Secondary organic aerosol derived from isoprene epoxydiols (IEPOX-SOA) is thought to contribute the dominant fraction of total isoprene SOA, but the current volatility-based lumped SOA parameterizations are not appropriate to represent the reactive uptake of IEPOX onto acidified aerosols. A full explicit modeling of this chemistry is however computationally expensive owing to the many species and reactions tracked, which makes it difficult to include it in chemistry–climate models for long-term studies. Here we present three simplified parameterizations (version 1.0) for IEPOX-SOA simulation, based on an approximate analytical/fitting solution of the IEPOX-SOA yield and formation timescale. The yield and timescale can then be directly calculated using the global model fields of oxidants, NO, aerosol pH and other key properties, and dry deposition rates. The advantage of the proposed parameterizations is that they do not require the simulation of the intermediates while retaining the key physicochemical dependencies. We have implemented the new parameterizations into the GEOS-Chem v11-02-rc chemical transport model, which has two empirical treatments for isoprene SOA (the volatility-basis-set, VBS, approach and a fixed 3 % yield parameterization), and compared all of them to the case with detailed fully explicit chemistry. The best parameterization (PAR3) captures the global tropospheric burden of IEPOX-SOA and its spatiotemporal distribution (R2=0.94) vs. those simulated by the full chemistry, while being more computationally efficient (∼5 times faster), and accurately captures the response to changes in NOx and SO2 emissions.
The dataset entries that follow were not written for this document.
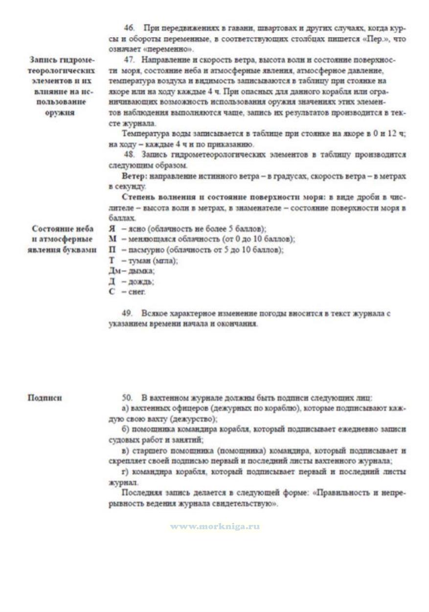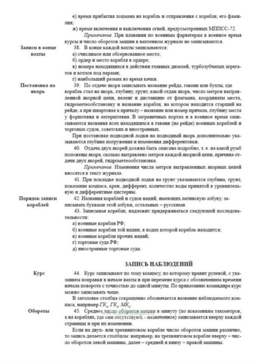 4.Записи ведутся чернилами, аккуратно и разборчиво. Подчистка и вписывание между и вне линеек запрещается. Подписи должны быть разборчивы. Сокращенные записи допускаются в тех случаях, когда смысл абсолютно понятен из существа записи, а сокращения установлены официальными документами (Условные обозначения, применяемые в кораблевождении, ПШС №27).
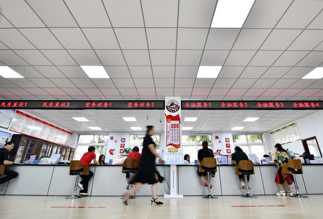 7月22日,居民在河北省遷安市興安街道明珠社區綜合服務站內辦理業務。 新華社記者牟宇攝
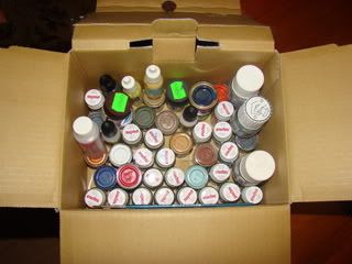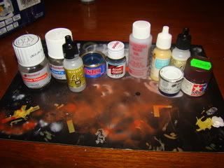 Jak widać używam farb wielu producentów, a to dla tego, że kupowałem kiedyś po kilka egzemplaży(egzemplarzy) żeby znaleźć te najbardziej mi odpowiadające. Teraz kupuje tylko Humbrola (bo jest bardzo trwały) i Pactrę. Jako podkładki używam okładki od bloku techniczne, bardzo dobrze zabezpiecza stół przed uszkodzeniem np: skalpelem.
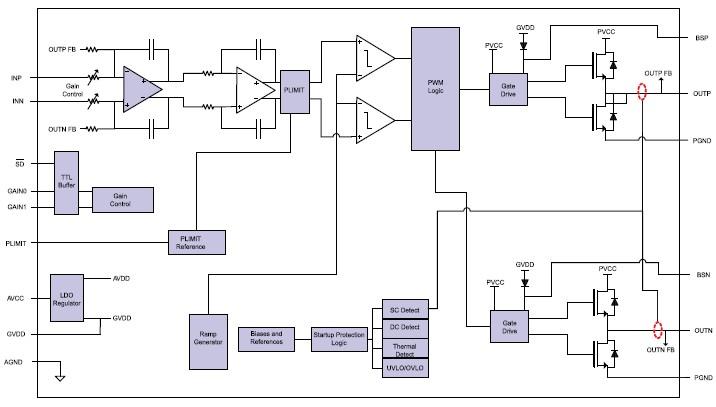 具有防破音功能的免電感濾波2×20W D類立體聲音頻功放 |

On the other hand, the constant 3 % yield that is now the default in GEOS-Chem deviates strongly (R2=0.66), as does the VBS (R2=0.47, 49 % underestimation), with neither parameterization capturing the response to emission changes. With the advent of new mass spectrometry instrumentation, many detailed SOA mechanisms are being developed, which will challenge global and especially climate models with their computational cost. The methods developed in this study can be applied to other SOA pathways, which can allow including accurate SOA simulations in climate and global modeling studies in the future.